Eva Foam laminated fabric is manufactured with foam laminated fabrics for various applications in the luggage industry. These fabrics are manufactured using premium-grade yarns and the latest machines under the guidance of skilled professionals to ensure high strength and durability. Fabrics are made available in different thicknesses.
Lining fabric: This fabric is manufactured of 100% Polyester & Nylon Lining fabrics. These various types of lining fabric are in various colors and textures; which adds a professional look to the inside of the bag.
Rain cover Fabric: Backpack rain cover fabrics are made from 100% waterproof material that causes rain to bead up and run off the surface instead of soaking in. The fabrics are strong, durable, and water-resistant.
Digital Printed Fabric is produced in various Designs & Prints on fabrics which is a new and innovative process that involves printing a design, a pattern, or an image directly onto the fabrics through the Direct & Sublimation Printing process.
Taffeta: Taffeta is a crisp, plain-woven fabric made most often from silk, but it can also be woven with polyester, nylon, acetate, or other synthetic fibers. Taffeta fabric typically has a lustrous, shiny appearance. Taffeta can vary in weight from light to medium and in levels of sheerness, depending on the type of fiber used and the tightness of the weave. Taffeta is a popular lining fabric, as the material is decorative and soft, and it is also used for evening wear and home decor.

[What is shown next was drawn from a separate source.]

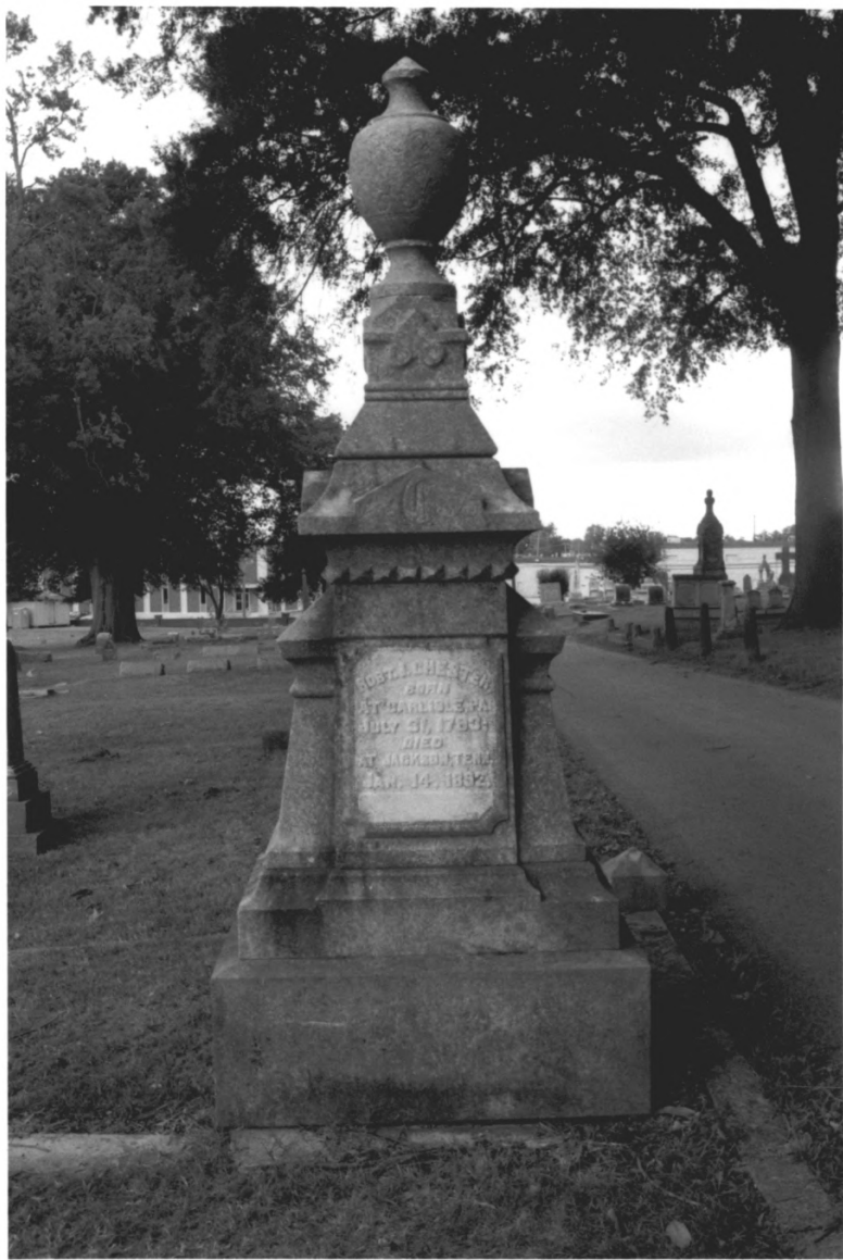
RIVERSIDE CEMETERY MADISON CO. TN

Narrow Fabrics and their composites are made of are: polyester, nylon, fiberglass, metallic and reflective yarns, carbon fiber, spandex, neoprene, rubber, cotton, polypropylene, rayon, aramid, and polytetrafluoroethylene (PTFE).

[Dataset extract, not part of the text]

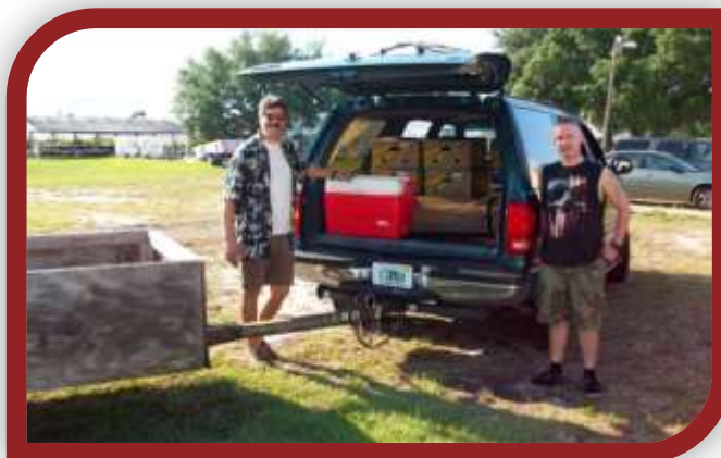
Getting ready to head out to the Postal Food Drive

To manufacture these specialized webbing, tapes, and specialty fabrics for a broad range of industries they need to have the essential experience of material selection, designing, developing, and manufacturing to produce a specialty product. They are woven on special narrow fabric looms, using the basic principle of warp filling interlacing.
Several sets of warp yarns may be beamed together to make several narrow fabrics side by side, on the same loom. Also, some tapes and ribbons are prepared by cutting the full-width fabrics into strips and sealing the edges like thermoplastic fabric can be woven in this way.
The webbings manufactured are Bag stripe material, woven nylon strapping, web belts, cotton webbing tapes, canvass webbing, polypropylene webbing, jute webbing. Although, some shuttle looms/needle looms are used. This adaptable component can be either flat or tubular, with each form offering unique properties.
Flat webbing, such as a car seatbelt, consists of strong, solidly woven Yarns. A flat tube of webbing, found in climbing and industrial gear, for example, is more flexible than standard flat webbing. Webbing appears in a multitude of operations and industrial sectors.